Reliability is a measure of how consistently we can make those inferences. Would two teachers marking the same paper give the same mark? Would a student achieve the same result if they sat the assessment next week?

Reliability is a prerequisite for validity, however, rather annoyingly attempts to make an assessment more reliable can tend to make assessment less valid. For example, an authentic assessment of practical work in physics would be to ask students to perform an investigation and a teacher would make a judgement of quality. However this would probably have low reliability (dependent on the teacher, the equipment etc). To make the assessment have high reliability I could design a multiple choice test on practical work but this bears no resemblance to practical work.

A measure of this conflict is dependability.

In practice

In a lesson, I may ask a question to determine if students have ‘got’ what I’ve just taught them. I need this question to have high validity but I’m not too worried about reliability because this won’t be the only questions I’ll be asking. I’m not going to make any high-stakes decision based on the results. This is a dependable use of this assessment.

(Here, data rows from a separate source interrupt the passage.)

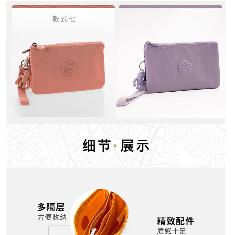 Keplin Keplin Waterproof Monkey Clutch Casual Fashion Nylon Handbag Thick Fabric Three-Layer Coin Purse Mobile Phone Bag Spray Painted Rose Gold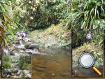 Pour ne pas manquer le départ du sentier acrobatique, poursuivre tout droit jusqu'à l'affluent du Bras Piton qu'il faut remonter sur 25 mètres (Petite vignette et photo 17). En marchant surtout dans l'eau si les galets sont mouillés, on arrive à un bassin (grande image) entouré d'un rempart semblant infranchissable. En amont de ce bassin, en rive gauche, une légère pente (Grande vignette) donne très vite accès au sentier débutant par des sabres. Le reste est difficile à monter mais facile à deviner dans la végétation.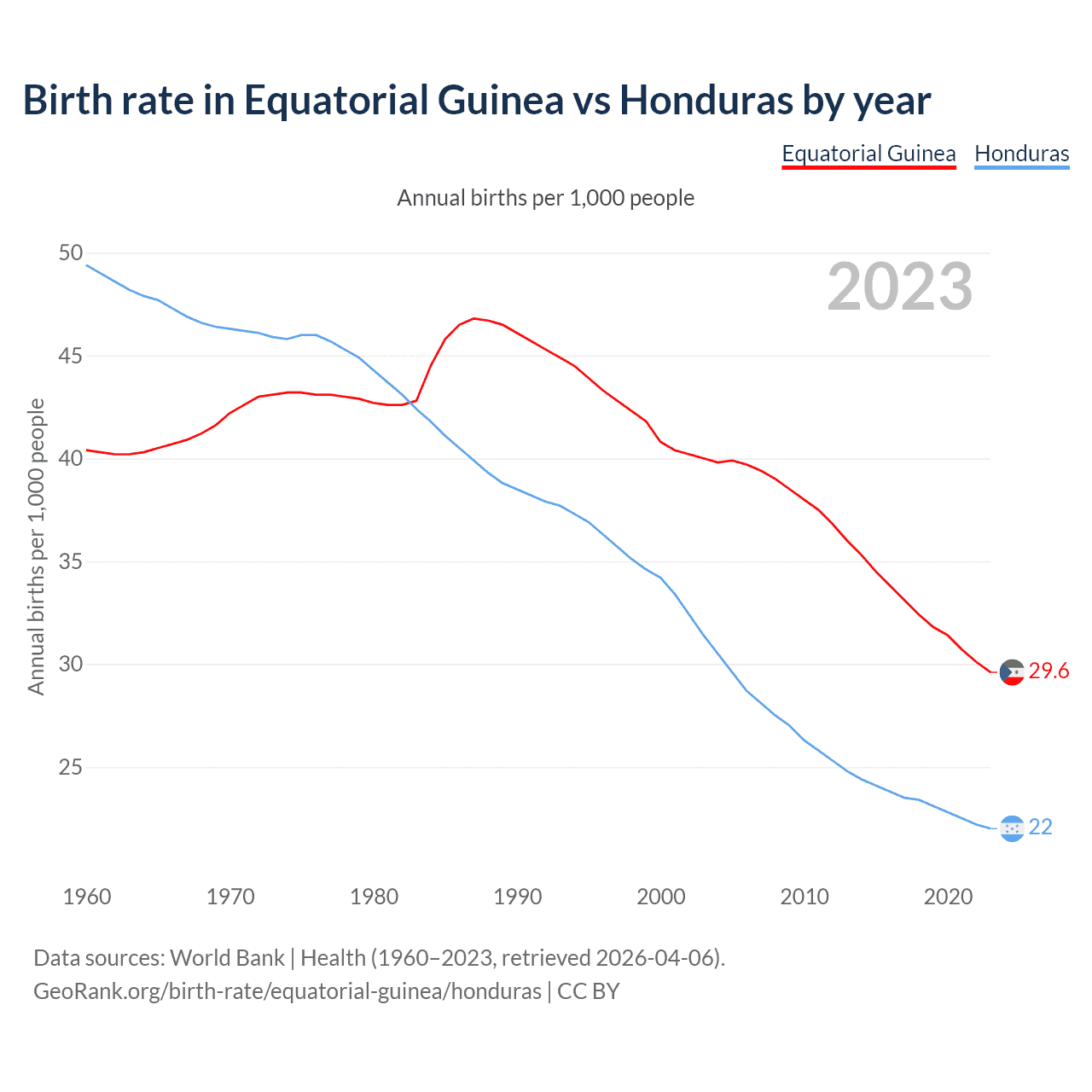 GeoRank.org/birth-rate/equatorial-guinea/honduras | CC BY

At the end of a topic, I want to make judgements on how students have done in relation to one another and other classes. I’ll need this to be more reliable and I may have to sacrifice some validity. I’ll design a test using past exam questions which are valid enough but should offer some hope of higher reliability (it is worth noting that this is the situation these questions were designed for; the high stakes context of GCSEs where high reliability is needed but validity has been sacrificed slightly). This is a dependable use of this assessment.

I’ve seen lots of question level analysis (QLA) spreadsheets that people use to identify gaps from end of topic tests. Assigning red to topic where students didn’t pick up all the marks, green where they did. This would be an example of an invalid use of the assessment data. Although a student not achieving a mark on a question may reliably tell you that they couldn’t do the question, it doesn’t tell you anything about why, or how they would do on other questions in the topic. As there is such a high correlation between subtopics, the overall score is a better indicator of ability in each subtopic. QLA is not a dependable use of this assessment.

In the past I have correlated end of year exam results with GCSE outcomes in order to determine predictive validity and calculated Cronbach’s alpha in order to determine the internal reliability of our end of topic tests. Should classroom teachers be doing this in order to justify their inferences? Absolutely not, just have an appreciation of why you are doing the assessment and make sure what you use is dependable for that purpose. If you don’t feel the inferences being made off the back off an assessment are justified, don’t make them.